A Huawei spokesman told the Sunday Telegraph newspaper its video conferencing kit is safe because it complies with relevant global security standards, and reiterated previous statements that Huawei is not linked to the Chinese government.
Indeed, the vendor is intent on improving global cyber security, the spokesman said.
Huawei regards Europe as a core market, and is investing heavily in the region. To date it has opened 13 research and development facilities in countries including France, Germany and the UK, and has established a finance centre in the UK.
The reports about further UK government concerns come just over a month after Huawei CEO Ren Zhengfei revealed the firm has exited the US network equipment market, following years of accusations the firm is supplying sensitive information to the Chinese government.
However, the exit has not spelled the end of US government scrutiny. Earlier this month lawmakers in the country reportedly began pressuring South Korean cellco LG+ to drop an infrastructure deal with Huawei, claiming the tie-up may endanger US troops stationed in South Korea.
The security of network gear from Huawei has been under scrutiny for some time, with the bulk of concerns focussed on chief executive Zhengfei's former service with China's military.
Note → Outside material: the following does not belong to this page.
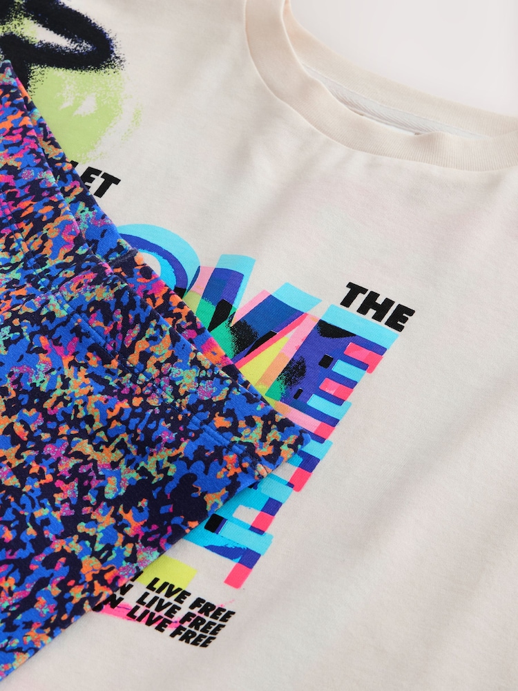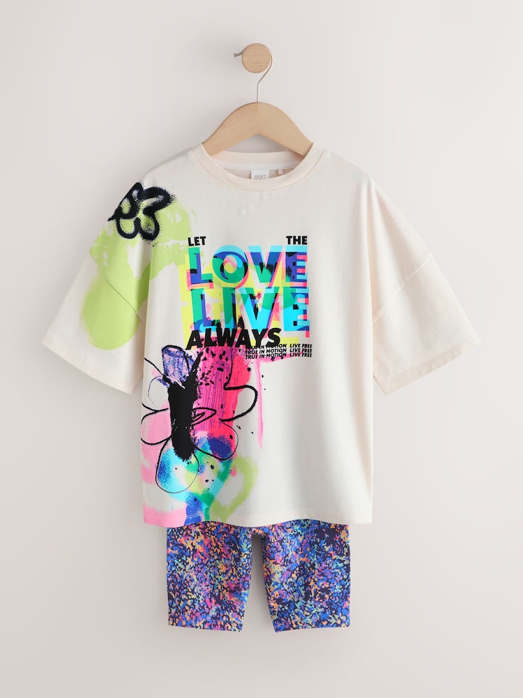 This comfortable top and short set is designed for active days and easy movement. The complete outfit features a versatile top paired with cycle short leggings.

Despite the attention, though, Huawei has grown to become the world's largest vendor of RAN equipment – a position it maintained through the third quarter of 2013 with a 28.1 per cent market share, according to ABI Research. The research firm notes Huawei's third-quarter market share is down 3 percentage points on the second quarter of last year, but up 3.8 per cent year-on-year.
The Chinese vendor still has hopes its handsets will fare well in the US market. William Plummer, Huawei's vice president of external affairs, last week told sister publication FierceWireless that the company will look to build on strong demand for its low-tier smartphones in the market, by working closely with domestic carriers and retailers.